I also have another computer - file server on this ups that monitor by a script I made if firewall is ON => UPS is online; other way will shut down ( it ping LAN interface ).All this because I can power ON all this computers by IAMT - remote but this require UPS to be ON; if battery is empty then UPS will go OFF and will stay OFF even if main power will restore.
With this 2 computers normal running on UPS I have a load of ~20% ( 90w ) so plenty of time for UPS to stay ON when power is lost and this 2 computers will also quick power OFF.
I made a small change increasing timer to 60s in upssched.conf and changed
custom-upssched-cmd
#!/bin/sh NAME=`basename $0` LOGGER="/usr/bin/logger -t $NAME" case $1 in ups-no-comm) $LOGGER "Timer event '$1' fired, restart NUT..." /usr/local/etc/rc.d/nut.sh stop sleep 30 /usr/local/etc/rc.d/nut.sh start ;; *) $LOGGER "Unrecognized command: '$1'" ;; esac
![2016-12-20 22.50.12.jpg](/public/imported_attachments/1/2016-12-20 22.50.12.jpg)
![2016-12-20 22.50.12.jpg_thumb](/public/imported_attachments/1/2016-12-20 22.50.12.jpg_thumb) -
I have this config because I wanted the firewall to shutdown quick ( ~1-2 min ) if power is lost and not when UPS will send battery low.
I understand what you are trying to do, however your current configuration does not actually do this.
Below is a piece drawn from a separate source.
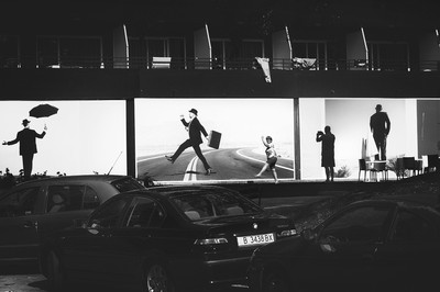 ultimar, было бы хорошо, конечно, но мне тут нравится, что живой человечек стоит в тени, за счёт чего смотрится тоже как черный персонаж постеров. И как по мне, то для него не хватает не зонтика, а шляпы)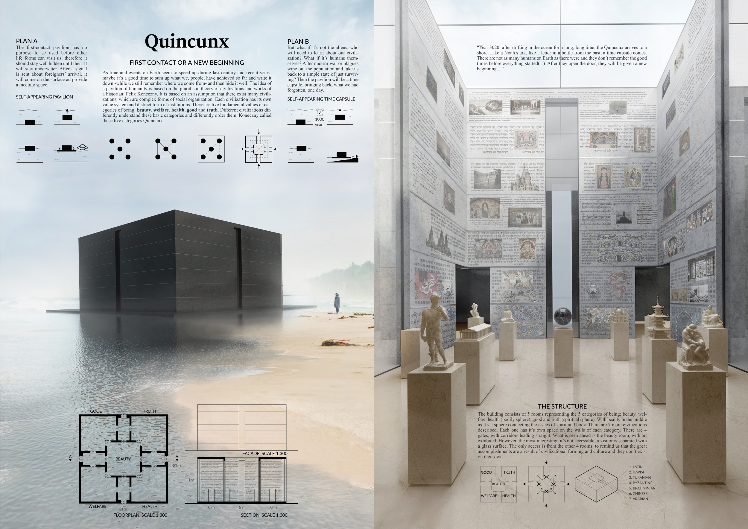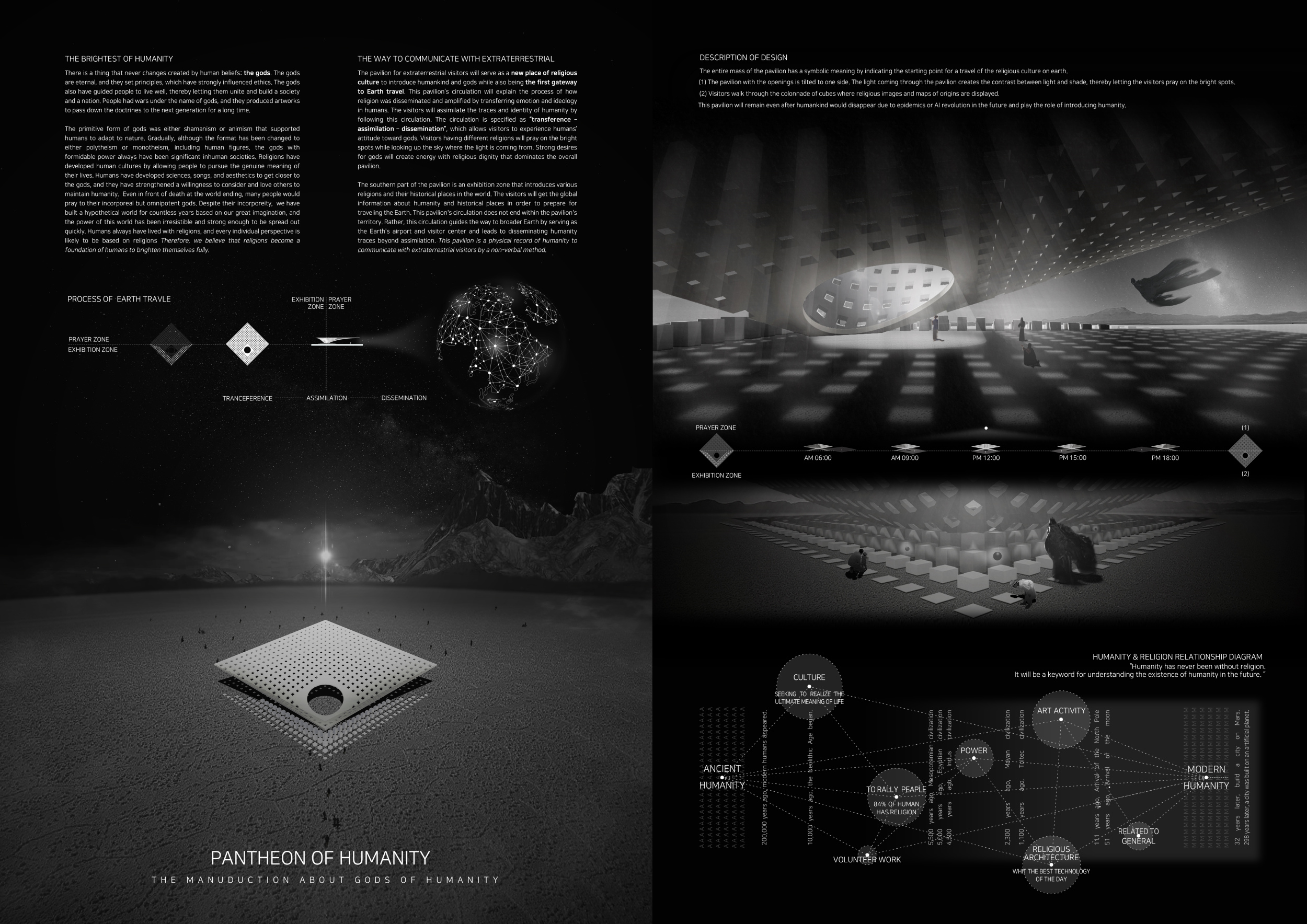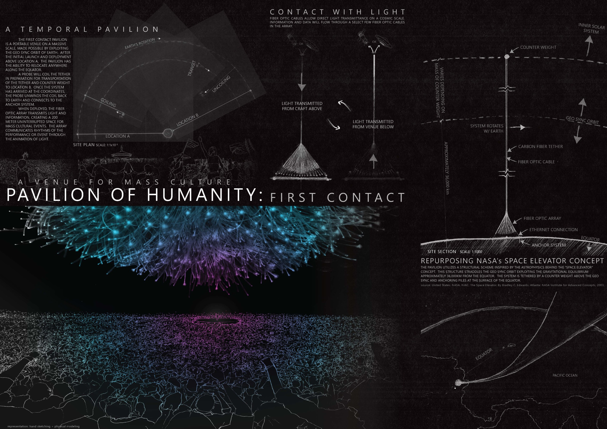 The Pavilion of Humanity: First Contact ideas competition tasked participants with designing a structure encapsulating the best and brightest of our species in a way that, should we ever be visited by extraterrestrial lifeforms, would appropriately communicate the achievements of human civilization in a single space, constructed on a site chosen by the participants located anywhere on Earth.

Most of the configuration is in the wrong place. It is unfortunate that NUT generally ignores invalid configuration rather than generating an error. Anyway, save this stuff for later–it's just creating complication in diagnosing the issue.
If you want help you will need to listen and stop changing things willy-nilly. Stop messing around with upssched.conf. Stop messing around with the advanced settings. Remove everything in the advanced section except "pollinterval=10" in the ups.conf section. Don't edit any files by hand.
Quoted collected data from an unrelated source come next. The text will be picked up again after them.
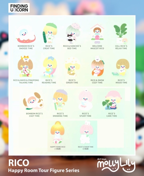 🏡 RiCO Happy Room Tour Figure Series by FINDING UNICORN invites you to explore RiCO’s cozy little home, where everyday moments turn into gentle joys. Designed in soft pastel tones with charming details. It’s a collection that brings comfort, calm, and a sense of healing to your space.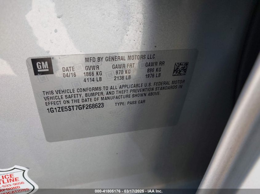 Color SilverCylinders 4Drive Front wheel driveVIN 1G1ZE5ST7GF******State Run & Drive VerifiedDamage Front or back AutoRIA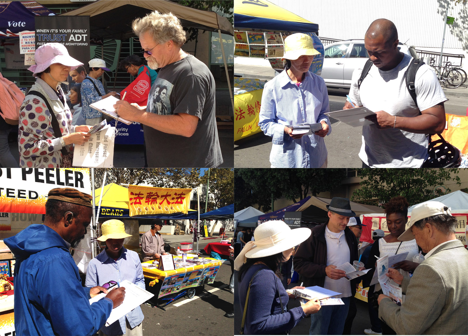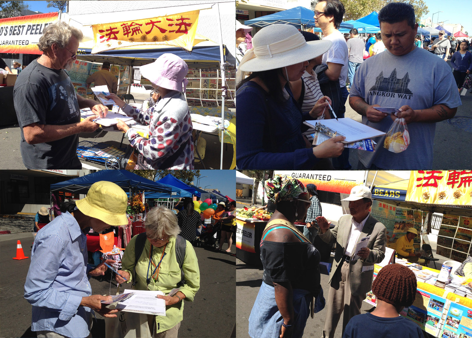 【明慧网二零一四年八月二十五日】(明慧记者李若云奥克兰报道)一年一度的“中秋街会”于二零一四年八月二十三和二十四日两天,在美国旧金山湾区东湾城市——奥克兰(Oakland)唐人街热闹举行。与往年一样,当地的法轮功学员在街会中设立了摊位,告诉各界民众法轮功的美好,揭露中共邪党的罪行,并征集签名反对和制止中共强摘法轮功学员器官的罪恶,同时奉劝中国民众退出邪党及其组织。了解了真相的民众纷纷在征签板上签名,有七十多位中国民众声明三退。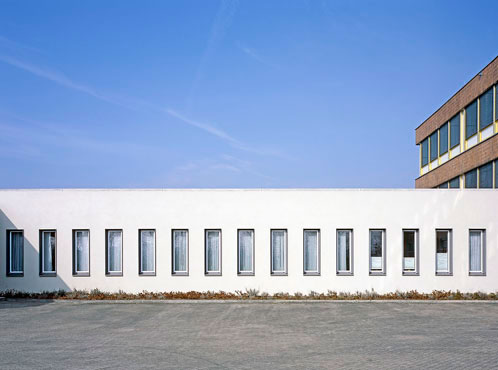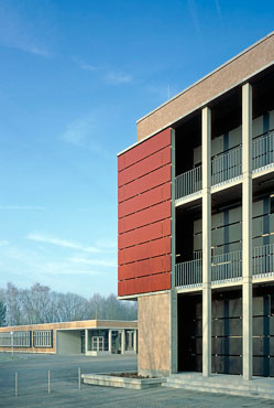 Städtebaulich komplettiert die Erweiterung die bestehende Berufsschule von Montabaur. Ihre Typologie, eine Hof-Bauweise, wird wieder aufgenommen und bildet nun auch auf der Talseite den Wechsel von Klassentrakt - Hof -Klassentrakt aus, wie sie bereits auf der Hangseite existiert.

If you don't want help, that's okay too. I won't be offended at all. Really.
-
/usr/local/etc/nut/ups.conf
pollinterval = 10 [ActiveJet] driver=blazer_usb port=auto
/usr/local/etc/nut/upsmon.conf
MONITOR ActiveJet 1 monuser 09959dba1bb426d94a50 master SHUTDOWNCMD "/sbin/shutdown -p +0" POWERDOWNFLAG /etc/killpower NOTIFYCMD /usr/local/pkg/nut/nut_email.php NOTIFYFLAG ONLINE SYSLOG+WALL+EXEC NOTIFYFLAG ONBATT SYSLOG+WALL+EXEC NOTIFYFLAG LOWBATT SYSLOG+WALL+EXEC NOTIFYFLAG FSD SYSLOG+WALL+EXEC NOTIFYFLAG COMMOK SYSLOG+WALL+EXEC NOTIFYFLAG COMMBAD SYSLOG+WALL+EXEC NOTIFYFLAG SHUTDOWN SYSLOG+WALL+EXEC NOTIFYFLAG REPLBATT SYSLOG+WALL+EXEC NOTIFYFLAG NOCOMM SYSLOG+WALL+EXEC NOTIFYFLAG NOPARENT SYSLOG+WALL+EXEC SHUTDOWNCMD "/sbin/halt -p"
/usr/local/etc/nut/upsd.conf
LISTEN 127.0.0.1 LISTEN ::1
![2016-12-21 10.36.41.jpg](/public/imported_attachments/1/2016-12-21 10.36.41.jpg)
![2016-12-21 10.36.41.jpg_thumb](/public/imported_attachments/1/2016-12-21 10.36.41.jpg_thumb) -
Okay. When the problem next occurs, please do the following:
1. Grab system log entries from Status / System Logs / System / General. Logs at the time of the event and the preceding few minutes. Plus any log entries with "usb" "ups" or "nut" since startup even if not near the event.
2. Log in and run "usbconfig dump_device_desc".
3. Attempt restart of the UPS service (Status / Services).
4. If #3 does not bring the service back, unplug the host end of the USB cable for 10 seconds, then attempt service restart again.
5. If #3 and #4 do not bring the service back, run usbconfig again, and then reboot.Please post the results.